EXERCISE INSTRUCTIONS:
Copy out exactly the stretch below, from the line with "Mit diesem bezaubernden" through the line with "此外,Clean Energy Charging", both included; the pictures stay out.

##############################

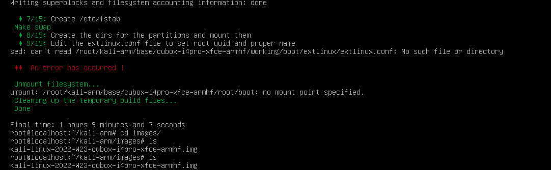 | Description | Kali Linux ARM build script fails to complete build the cubox-i4pro and cubox image. I attempted to build each image 4 time each, with and without using the builder.txt file, and it fails, "no mount point specified". I was able to build a Pinebook Pro image on my first attempt with no issue. | ||||
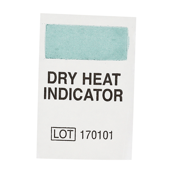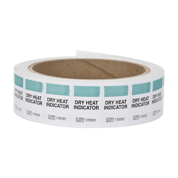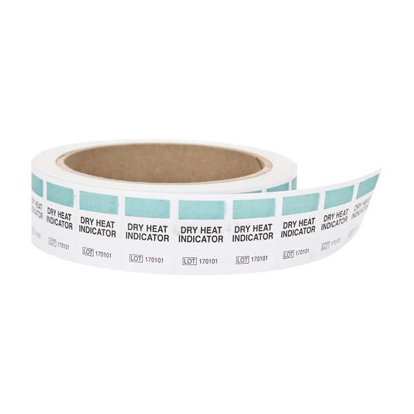 The labels are printed with a chemical indicator that changes from green to brown when exposed to Dry Heat conditions. This color change allows the technician to immediately distinguish processed from unprocessed items. Color change is non-reversible.
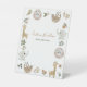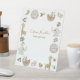 Mit diesem bezaubernden Boho Safari-Tierdesign mit handgemalten Dschungeltieren rund um das Schild, darunter ein Schlamm, Giraffe, Löwe und Elefant, kreieren Sie das perfekte geschlechtsneutrale Baby Dusche Pedestal Sign. Copyright Elegant Invites, alle Rechte vorbehalten.
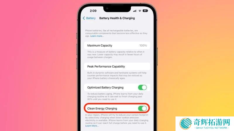 此外,Clean Energy Charging 功能对普通用户也默认开启,可通过 iOS 16.1 及以上版本的“设置”应用中“电池” → “电池健康与充电”选项进行管理,但目前仅限于美国本土使用。
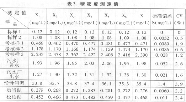 為了檢驗(yàn)微波消解法的準(zhǔn)確度,分別取環(huán)境臨測(cè)總站考核樣、磷酸二氫鉀標(biāo)準(zhǔn)深液,污水廠各工藝段水樣以及湖泊水樣進(jìn)行實(shí)驗(yàn),結(jié)果見表2。
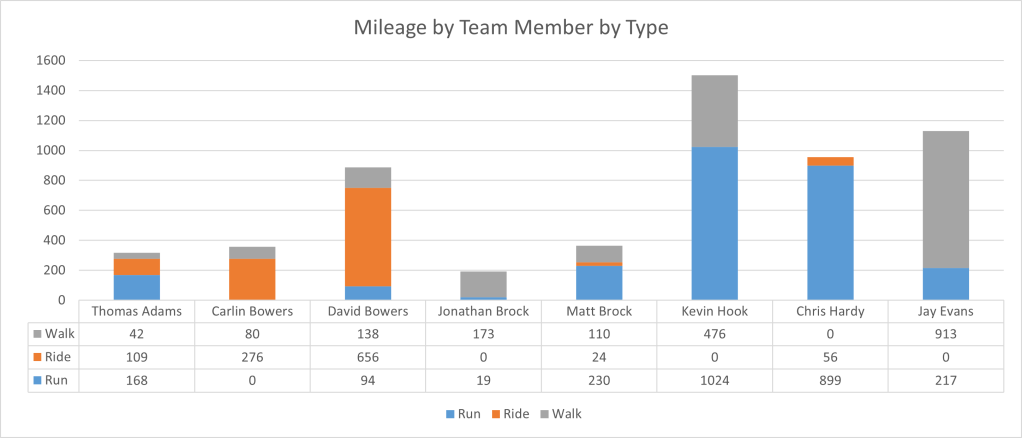 What a week! We closed the gap on our target for first time in months, in no small part down to Johnny E’s big walking numbers. Bravo!
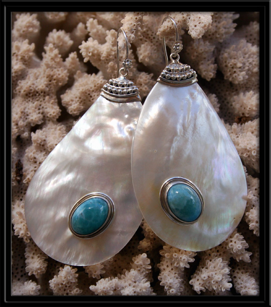 Elegant Larimar and Mother of Pearl drop earrings. These earrings definitely "make a statement"! Three inches of pure Mermaid glamor, the Mother of Pearl is the highest quality available and full of luster, and the beautiful blue Larimar oval stones are delicious! Designed by my friend Taso of Honolulu, crafted in Indonesia.
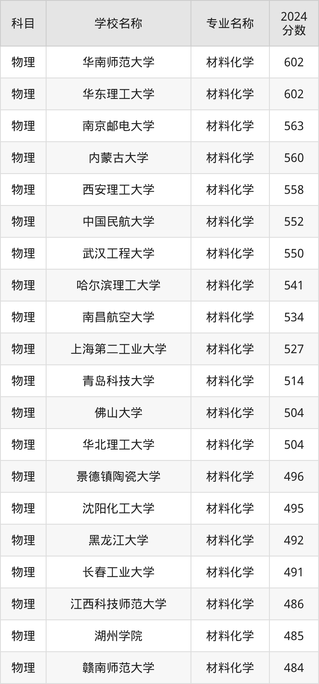 通过上文大家可以知晓,在湖南省内招材料化学专业的院校数量较少,所以下文将为2026届高考生继续展示:省外大学的材料化学专业2024年在湖南高考的录取情况,包含华南师范大学、华东理工大学、南京邮电大学、内蒙古大学、西安理工大学。
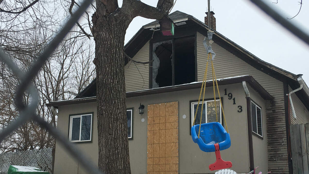 Flames were visible in the basement and first floor. According to dispatch audio, firefighters reported finding no one inside after two searches of all three floors of the house.
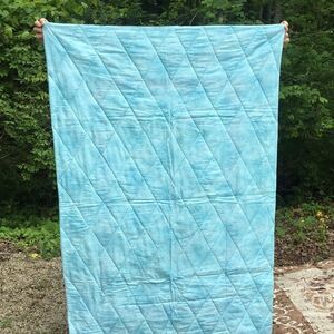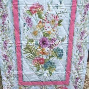 Brand new, hand crafted from all new 100% cotton fabrics in a smoke free home. Gorgeous, dreamy florals attracting butterflies and dragon flies! Very soft colors; 4 borders including wide floral in purples and blues. Features blue thread in the diamond quilting and a sky blue marble backing. It measures approx. 40 3/4” wide by 62 1/2” length. Care instructions are included. Just a calming, dreaming presence.
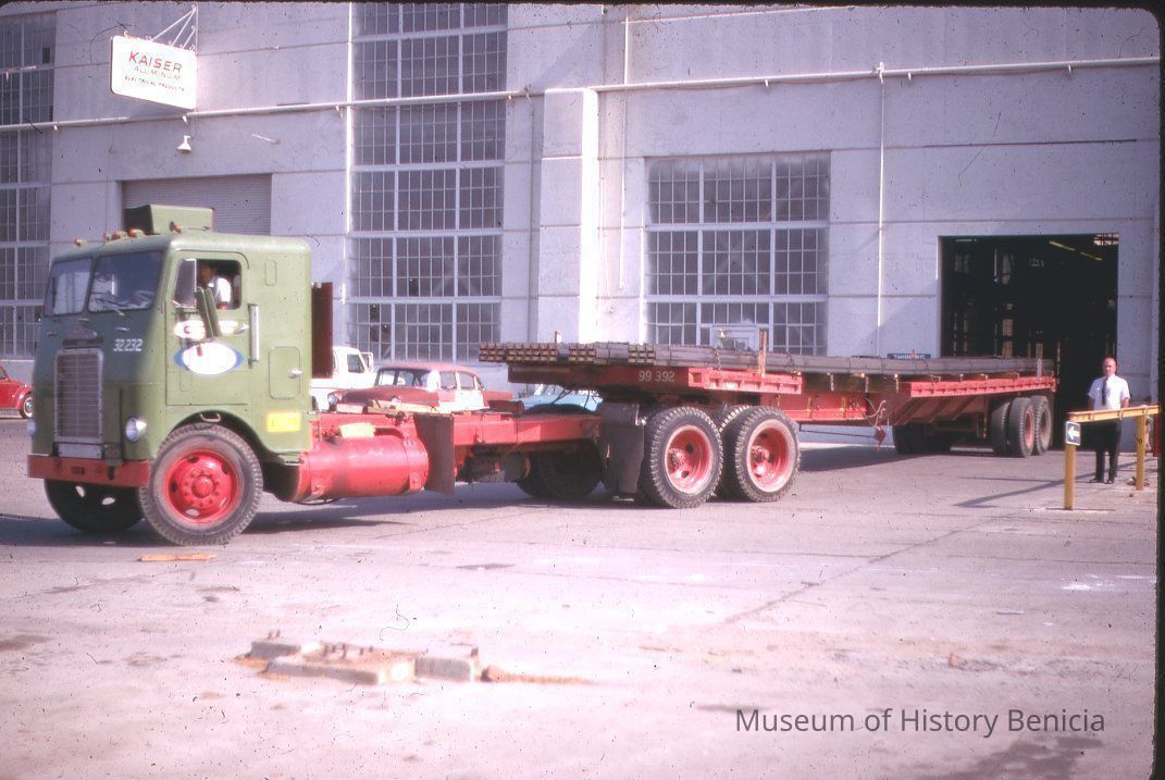 35mm Color Slide: shows large flat-bed truck taking material out of the Kaiser Aluminum warehouse
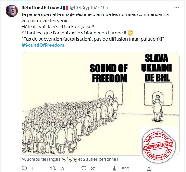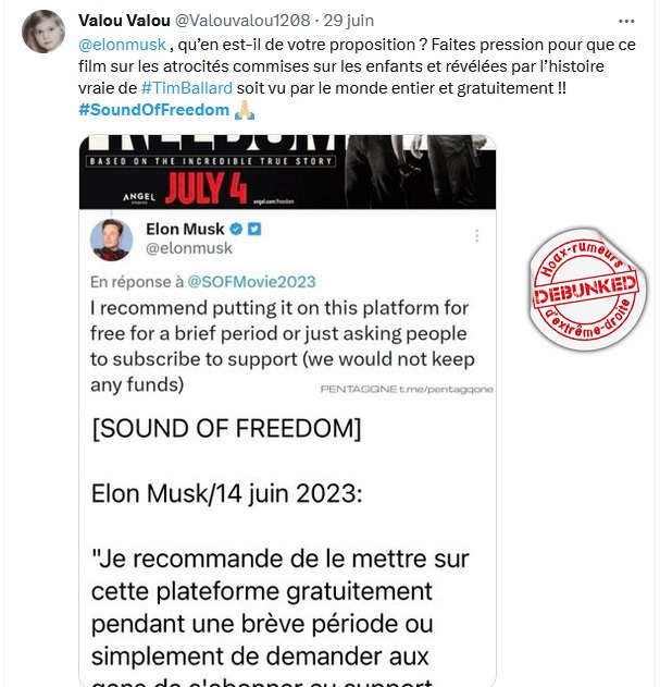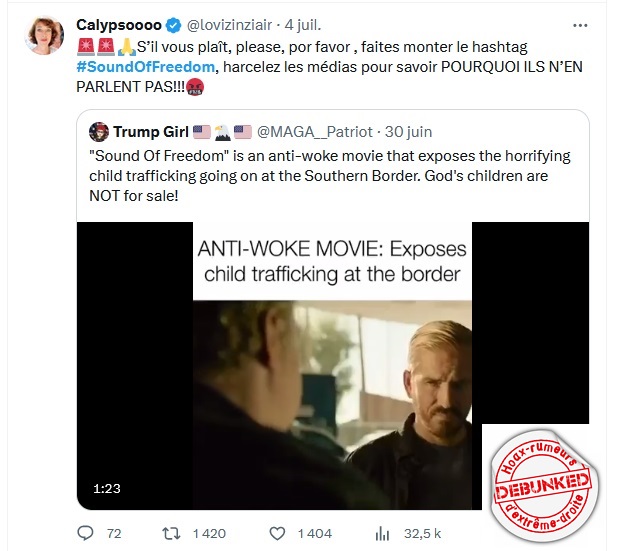 On y voit donc désormais fleurir les « tendances » d’extrême droite/complotistes du jour au lendemain. Pour nous c’est un bon indicateur des modes qui frappent quotidiennement les fachosphères. Nous n’avons donc pas été étonné de voir s’épanouir en tendance le film « Sound Of Freedom ». C’était jeudi 6 juin 2023, un jour ordinaire dans les fachosphères:
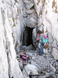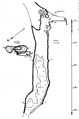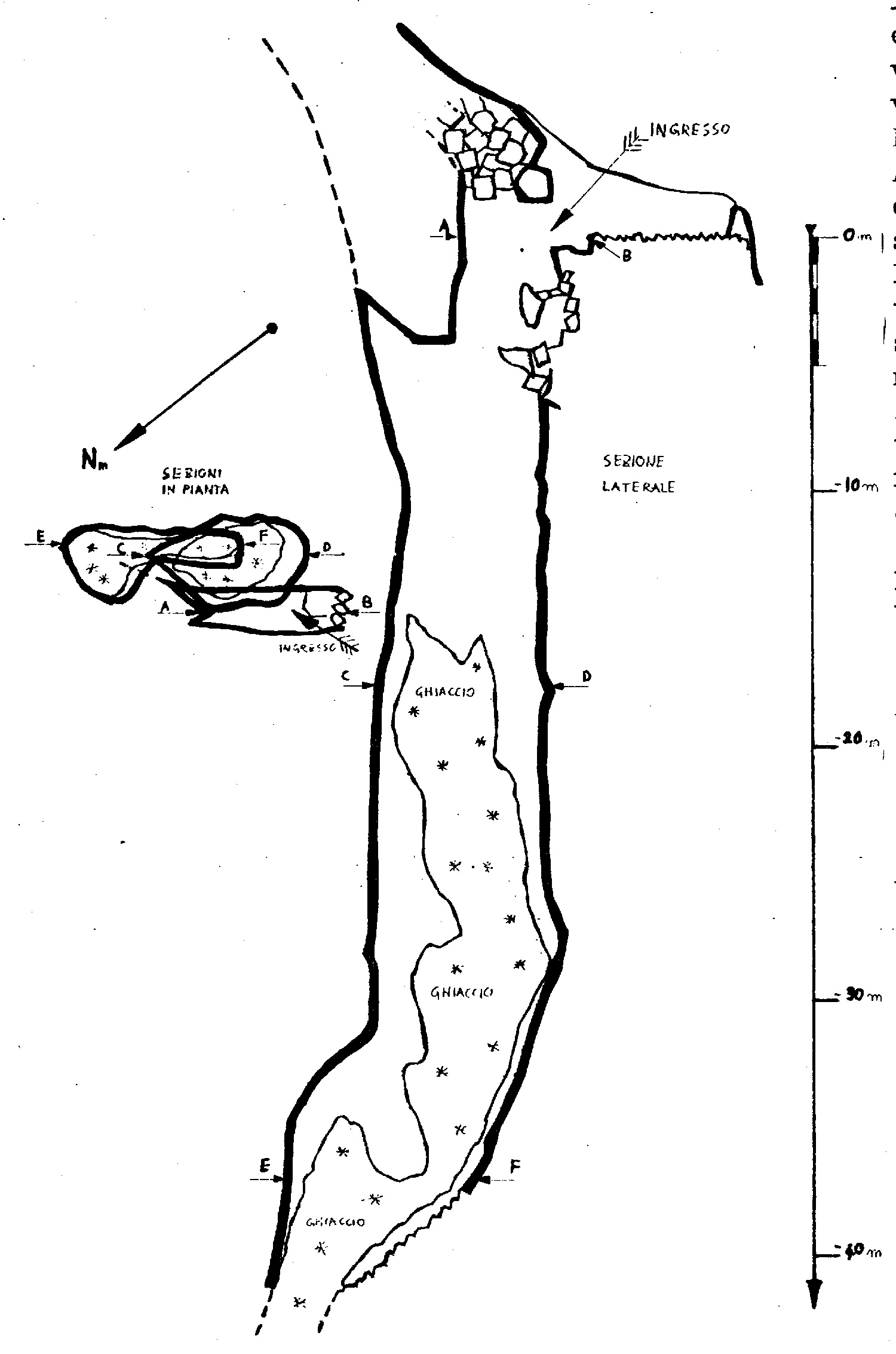 Nel tratto inferiore l'ambiente si allarga nel senso della frattura, costituendo un vano ad asse verticale parallelo al pozzo, mentre ad SO affiorano, ai lati della conoide di ghiaccio, clasti di varie dimensioni degradanti verso NE, dove la progressione rimane bloccata dal restringersi dello spazio fra ghiaccio e roccia: il pozzo però continua, Le pareti presentano una morfologia da erosione da veli d'acqua (scanalature verticali) e, meno segnatamente, di crollo, pur con una lieve accentuazione di quest'ultima man mano che si scende. Al di sotto del livello ordinariamente occupato dal conoide nevoso, le pareti. presentano levigature, da attribuirsi, forse, a un'azione abrasiva del ghiaccio; concrezioni assenti (tratto da: Stalattiti e Stalagmiti n. 15; testo: F. Tampelloni, G. Donzellini).
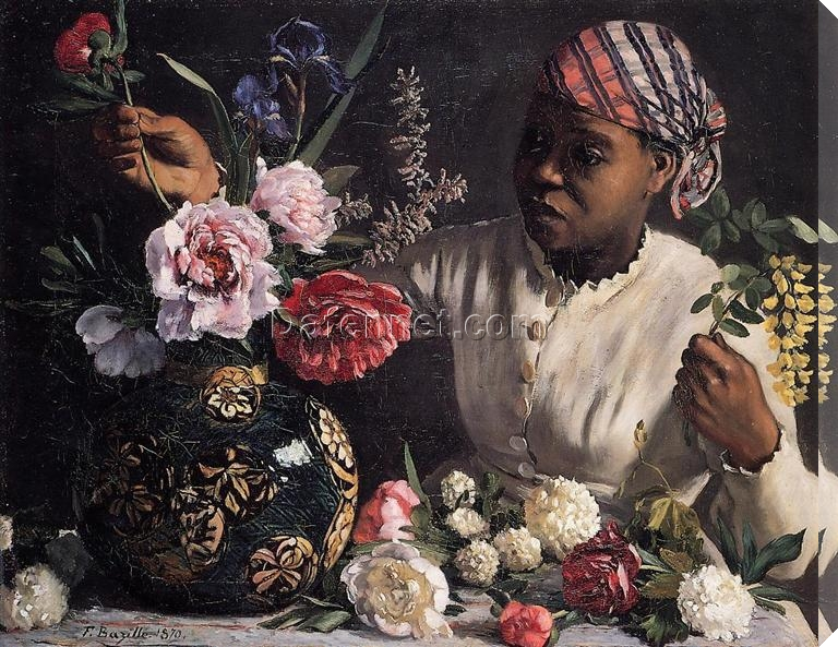 Negress with Peonies Oil Painting Reproduction – Frederic Bazille 1870 | Hand-Painted French Impressionist Portrait from Dafen Village Studio

##############################

TASK RESULT:
 Mit diesem bezaubernden Boho Safari-Tierdesign mit handgemalten Dschungeltieren rund um das Schild, darunter ein Schlamm, Giraffe, Löwe und Elefant, kreieren Sie das perfekte geschlechtsneutrale Baby Dusche Pedestal Sign. Copyright Elegant Invites, alle Rechte vorbehalten.
 此外,Clean Energy Charging 功能对普通用户也默认开启,可通过 iOS 16.1 及以上版本的“设置”应用中“电池” → “电池健康与充电”选项进行管理,但目前仅限于美国本土使用。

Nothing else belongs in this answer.